08/12/23 - Code generation tools driven by artificial intelligence have recently become more popular due to advancements in deep learning and...

DeepAI
@nblr AI creates jobs in computer security the same way an arsonist creates jobs in emergency response
@nblr it's all going very well, I see.
@nblr Should 'citizen integrators' be trained to implicitly 'insert' their organization's data governance policy into a request for code, or that the organization 'funding' the GPT-AI tool to insert this policy globally, or should the check-in process be changed - which would ultimately be AI-driven anyway? 😆

@nblr

DKaaS: Dunning-Kruger as a service!

@nblr now I want to run the same experiment with journalism students, but measure factual errors instead of security vulnerabilities
@nblr sadly only very small N.
> Ultimately, we recruited 54 participants

@nblr It *will* be fine as long as we teach people how to properly code and not blindly trust their tools.

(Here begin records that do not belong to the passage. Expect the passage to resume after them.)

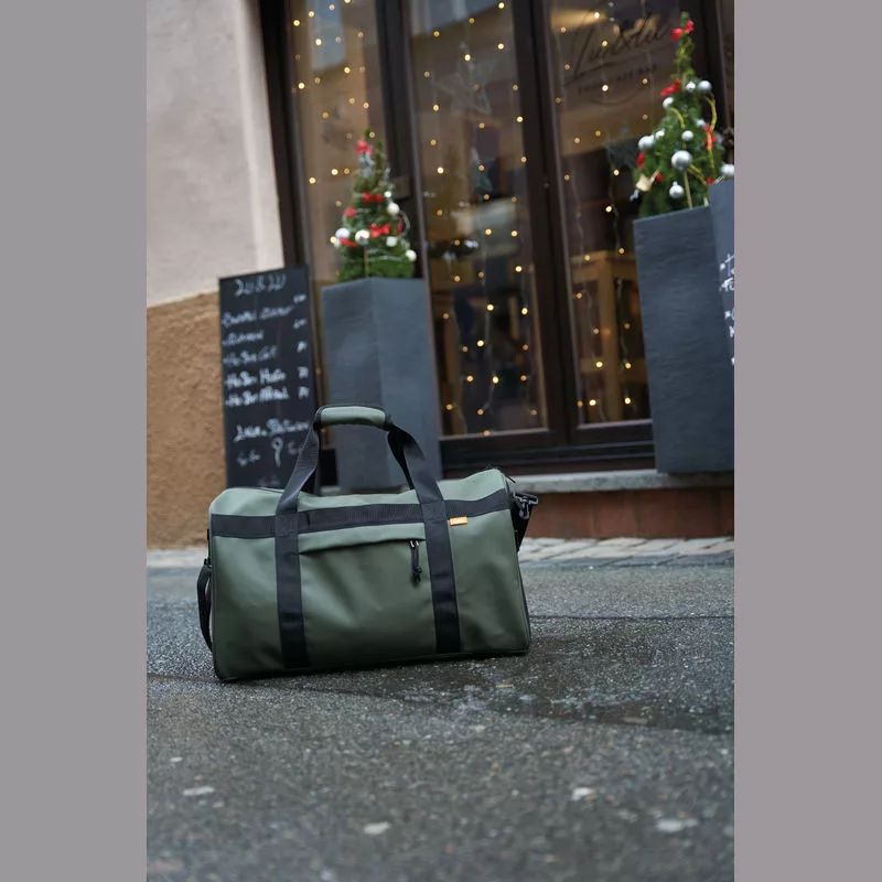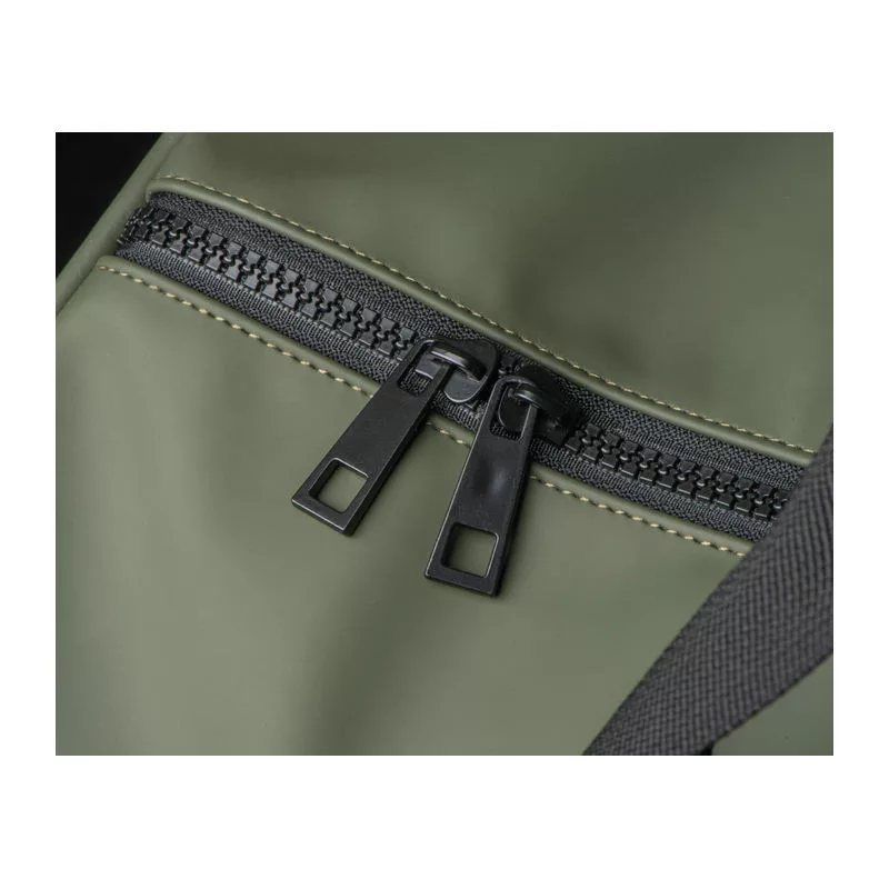 Vízlepergető PU anyagból készült nagyméretű táska két különálló külső rekesszel, 38 literes kapacitással. A vállpánt levehető. Ideális sport- vagy utazótáskaként.
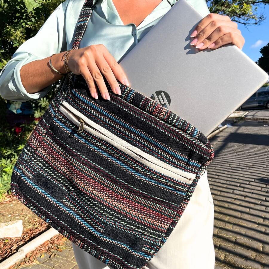 Torba na laptopa - Ciemne barwy. Potrzebujesz torby, która doskonale łączy styl z codzienną wygodą? Torba na laptopa w ciemne, wielokolorowe paski to idealna propozycja dla tych, którzy chcą
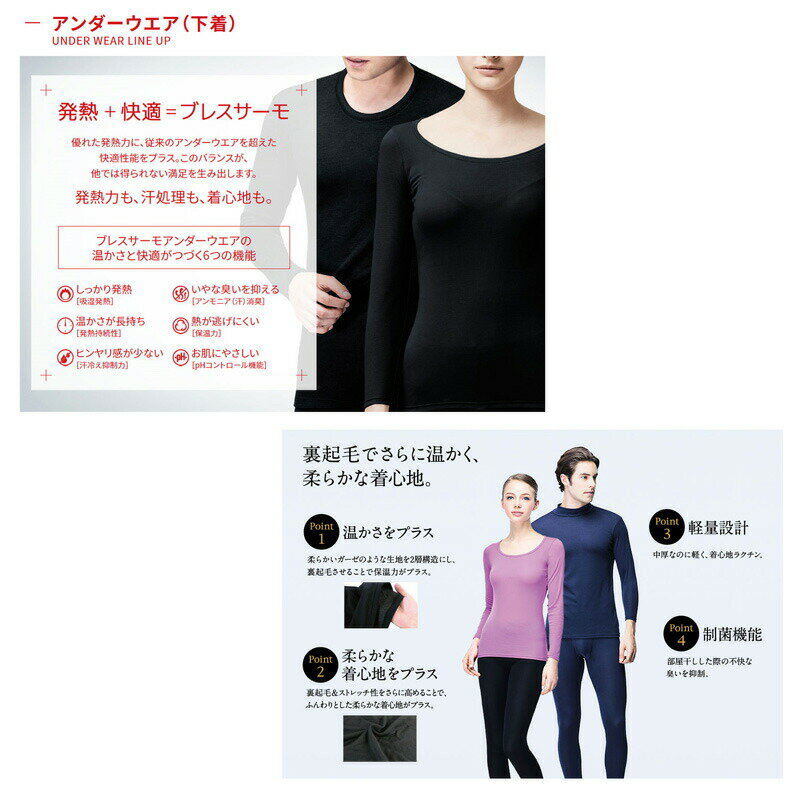 【コンビニ受取対応商品】について※代金引換・日時指定・あす楽・メール便指定時は コンビニ受取ができませんのでご注意ください【生産国】 日本製 【素材】 ポリエステル90%・指定外繊維(ブレスサーモ)10% 【特徴】 ブレスサーモエブリの保温力に、やわらかい着心地をプラス。

> Furthermore, we find that participants who trusted the AI less and engaged more with the language and format of their prompts (e.g. re-phrasing, adjusting temperature) provided code with fewer security vulnerabilities.

@nblr And I'd wager it's not just security vulnerabilities, but bugs in general.
@nblr that sounds like a problem that will quickly solve itself away

@nblr

Astonishing to me is the amount of people in the comments who think, this is just an optimization problem.  

Or the people hoping for a job to clean up the mess.

Even in our own tech bubble, we need to catch up quickly with the education of our peers about AI in general. If this is possible at all. 

@nblr Yes… ha ha ha… Yes!

@nblr following this, and also the slew of “i had an idea and let chatgpt flesh it out, please treat this as proposal with merit” posts , I propose an additional nickname for LLMs:

Dunning-Kruger-O-Tron

@nblr Given how badly the models deal w/ poisoning: https://arxiv.org/abs/2311.12202

I think folks actively trying to exploit these models to plant easily exploitable code is only a matter of time.

If you are not fully code reviewing all the code and treating it as if it were adversarial then you are asking for trouble. One has to ask themselves at that point is it worth it?

Nepotistically Trained Generative-AI Models Collapse

Trained on massive amounts of human-generated content, AI-generated image synthesis is capable of reproducing semantically coherent images that match the visual appearance of its training data. We show that when retrained on even small amounts of their own creation, these generative-AI models produce highly distorted images. We also show that this distortion extends beyond the text prompts used in retraining, and that once affected, the models struggle to fully heal even after retraining on only real images.

arXiv.org
@shafik That's the real tradeoff at hand indeed.
@nblr I think Computer Science programs not having philosophy and ethics deeply integrated into their programs has really served society very poorly.
@nblr hatte da mal eine Diskussion. Wenn man nicht fragt ob es sicher ist, dann bekommt man auch keinen sicheren code.